= List of Mob Psycho 100 characters =

This is a list of characters for the manga series Mob Psycho 100.

==Main characters==
- Shigeo Kageyama (影山 茂夫, Kageyama Shigeo) / Mob (モブ, Mobu)

Mob is an eighth grade Esper with powerful psychic abilities. His bowl-cut hairstyle is his defining physical feature. He is not good at understanding social cues, and since childhood has rarely displayed intense emotion, typically having a dull expression on his face. He thinks his power is unnecessary in his life, so he avoids using it. He suppresses his emotions to keep his power in control, but when the percentage of his accumulated feelings reaches 100, he is overcome by the strongest emotion he is currently feeling and unleashes the full extent of his powers. He works at Reigen's spirit counsel for 300 yen an hour. When pushed beyond his limits, Mob enters an extremely powerful unconscious state, represented by an emotional meter percentage of ???.
- Arataka Reigen (霊幻 新隆, Reigen Arataka)

A self-proclaimed spirit medium and Mob's mentor, Reigen runs a low-cost psychic consultation business called "Spirits and Such". He lacks actual psychic abilities and is essentially a con artist, using his intelligence and charisma to solve his clients' problems with skills he calls "secret techniques". Though he tends to put his own self-interest first, Reigen seems to genuinely care for Mob, and has made him promise never to use his powers against other people. Later chapters reveal he stayed in his unprofitable business due to Mob reaching out to him with his support.
- Dimple (エクボ, Ekubo)

A deceptive upper-class evil spirit with red circles on his cheeks who can unleash the full potential of whatever body he possesses. However, he is unable to possess powerful psychics without permission, and cannot take full control of the psychic's body. He has also shown the ability to hypnotize or influence large groups of people. He initially possessed a man to establish a cult called LOL to make himself into a god, but was defeated by Mob and lost most of his spiritual capabilities. After being defeated by Mob, hangs around him with the stated intent of taking over his body, but eventually finding himself to legitimately care for the child, aiding him as a member of Spirits and Such.
- Ritsu Kageyama (影山 律, Kageyama Ritsu)

Mob's younger brother, a seventh grade student with good looks who is an ace student and member of the Student Council. Ritsu has had an inferiority complex towards Mob's powers, though he is able to hide his obsessive longing for psychic power of his own. He acts overly protective towards Mob, aiming to prevent him from lashing out with his power. Ritsu eventually develops his own psychic powers and becomes a fairly powerful Esper, initially using Dimple to hone his abilities.
- Teruki Hanazawa (花沢 輝気, Hanazawa Teruki)

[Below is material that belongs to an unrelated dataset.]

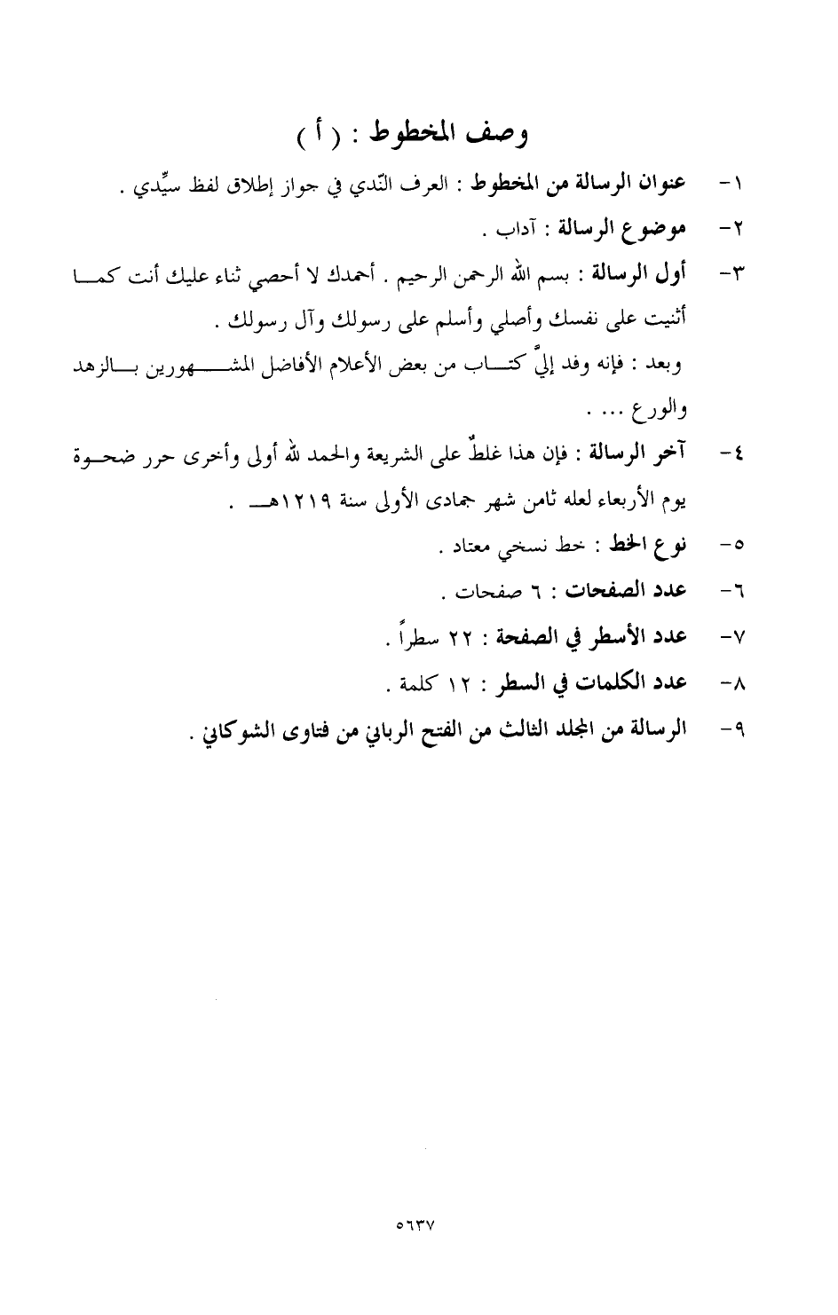 9 - الرسالة من المجلد الثالث من الفتح الرباني من فتاوى الشوكاني.
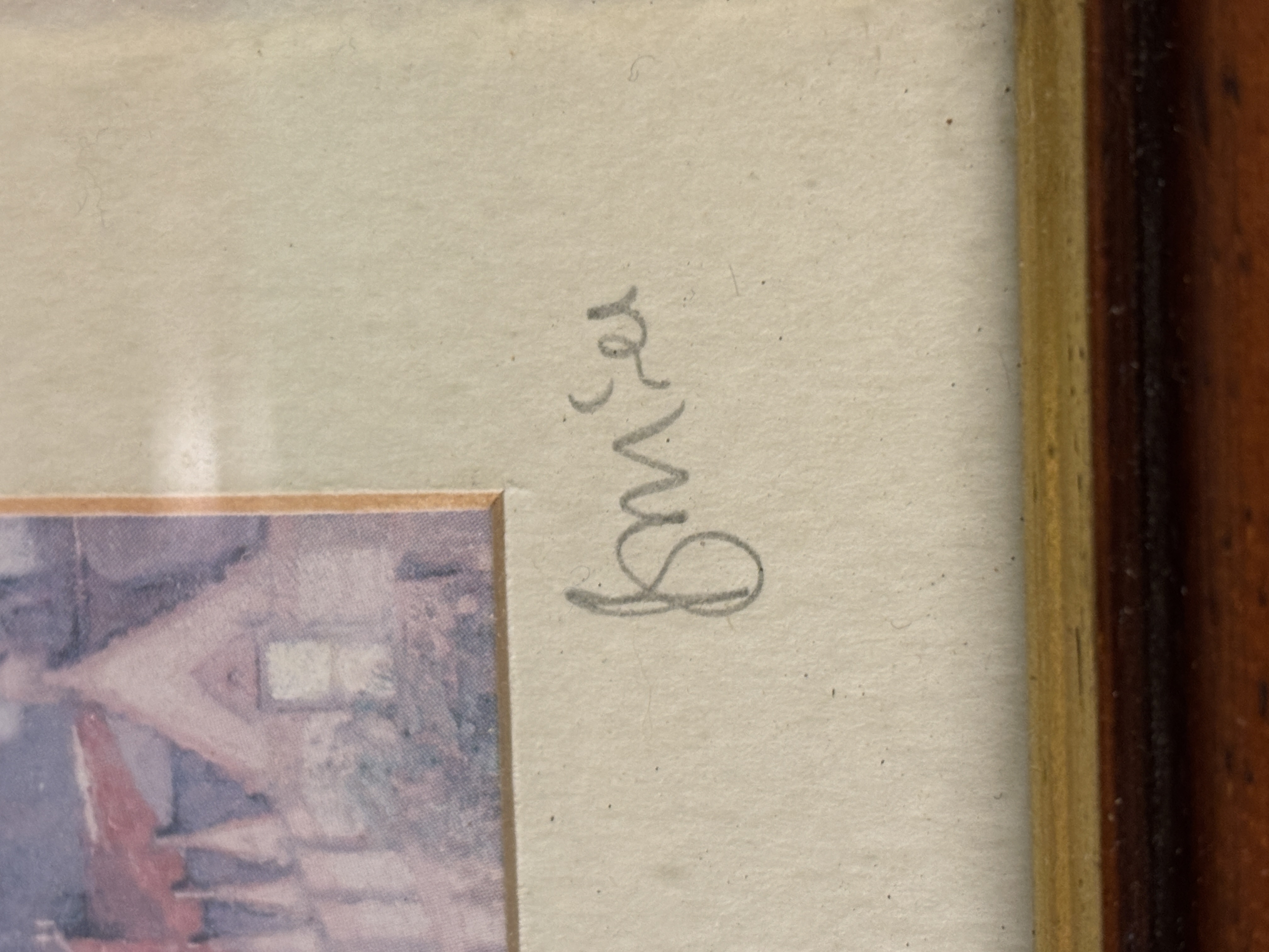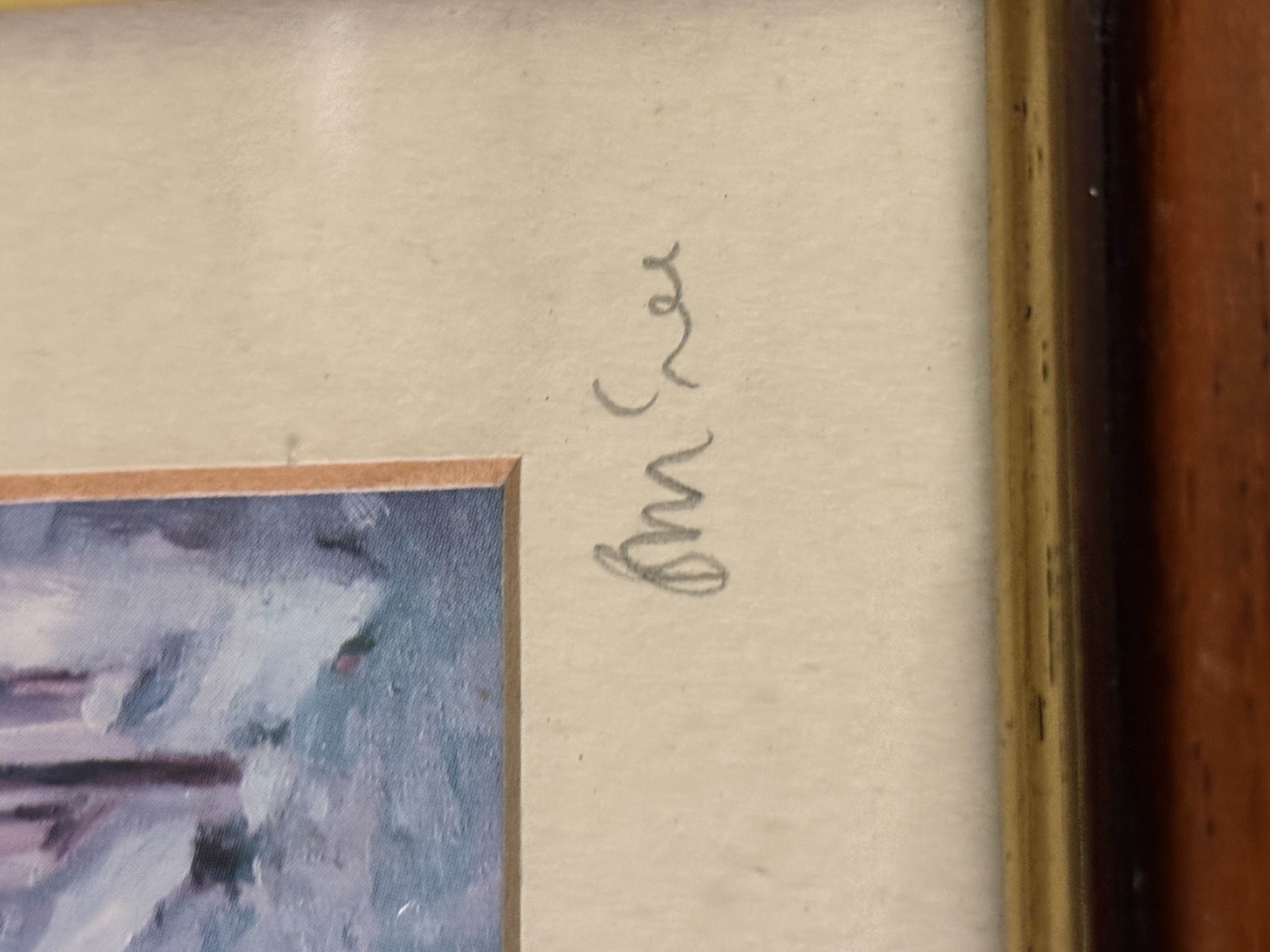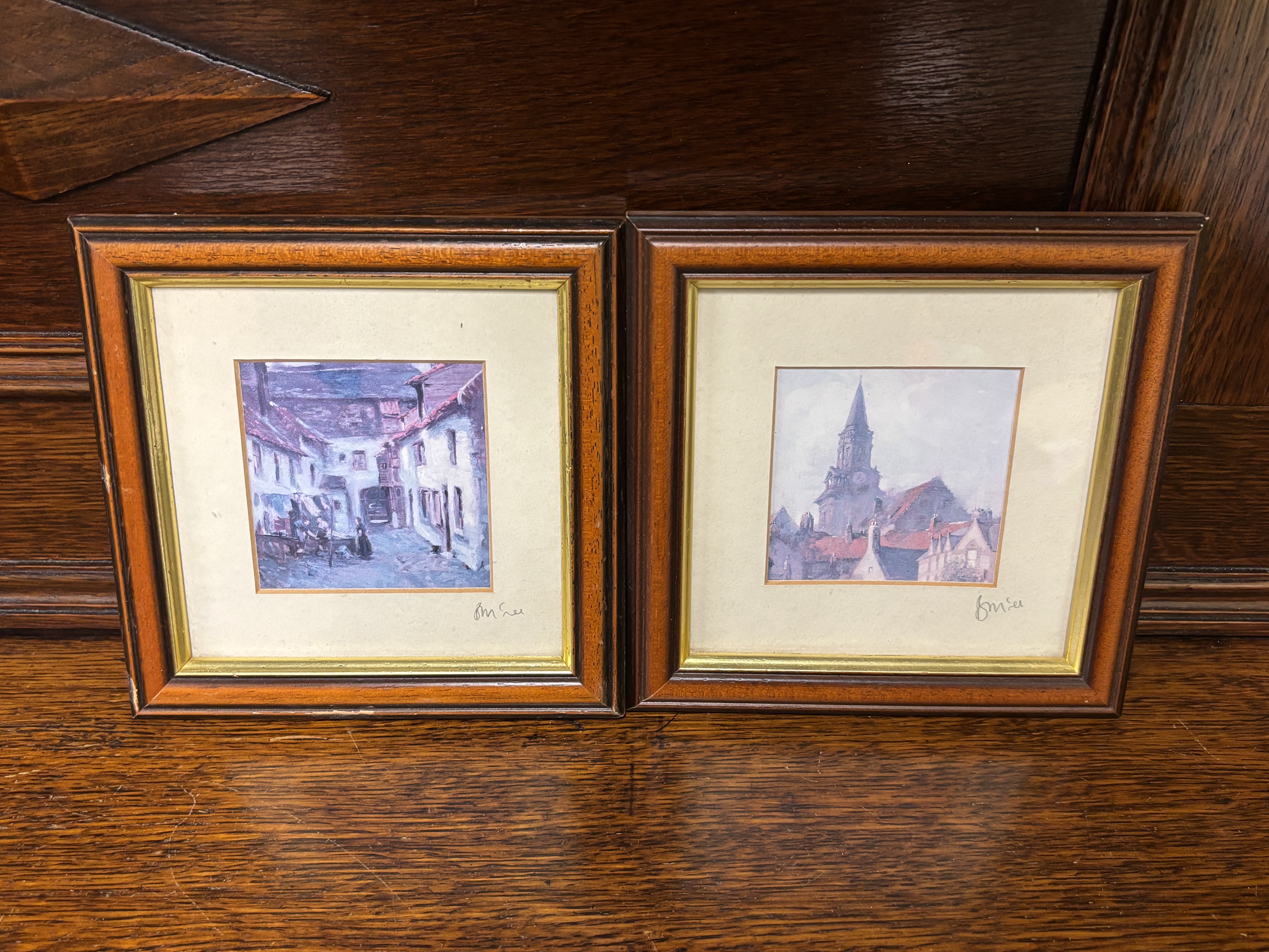 Two small framed prints views of Berwick on Tweed. Each piece is signed in pencil on the mount below the image; the signatures appear to read B. M. Lee. Measurement 16 cm x 16 cm

Black Vinegar Middle School's "ura banchou" ("hidden boss"), known to most as Teru. Also a powerful Esper, he originally held scorn for people without psychic power, calling them "commoners." He is accustomed to using his power freely in daily life, be it exams or sports, and he excels at it all. Coupled with his handsome looks, he is very popular. After he is lectured and defeated by Mob for his arrogance and for using his powers against others, his perspective on psychic power changes, and he becomes friendlier to those around him.
- Shou Suzuki (鈴木 将, Suzuki Shō)

 The son of Claw's leader Touichirou Suzuki, assumed to be a member of the organization before revealing himself as opposing his father. He has been scouting for potential psychics captured by Claw to help him. Like his father, Shou is also an extremely powerful esper. Of the rest of the main cast, he is closest friends with Ritsu.
- Tome Kurata (暗田 トメ, Kurata Tome)

The founder and president of the Telepathy Club (脳感電波部, Nōkandenpabu), a now-disbanded club that the Body Improvement Club lets use their club room. Despite her clubmates preferring to be lazy, Tome is genuinely passionate about telepathy with aspirations of making contact with aliens. She becomes one of Mob's good friends.

==Claw==
Claw (爪, Tsume) is a criminal organization composed of many Espers, gathering others with psychic powers for their scheme to achieve world domination. The Super 5 (5超, Gochō) serve as the right hands of their group's leader Touichirou Suzuki with their top agents referred to as the Scars (傷, Kizu), named for the wound inflicted on them when they defied and/or challenged Touichirou.

- Touichirou Suzuki (鈴木 統一郎, Suzuki Touichirou)

The leader of Claw, Touichiro is a ruthless and cunning man who founded Claw for the sole purpose of world domination and uses everyone he can to achieve this goal. Being an incredibly powerful psychic on par with Mob, he aims to put the rest of humanity under his thumb. He also seeks to find his ex-wife who left him many years ago.

===Ultimate 5===
- Katsuya Serizawa (芹沢 克也, Serizawa Katsuya)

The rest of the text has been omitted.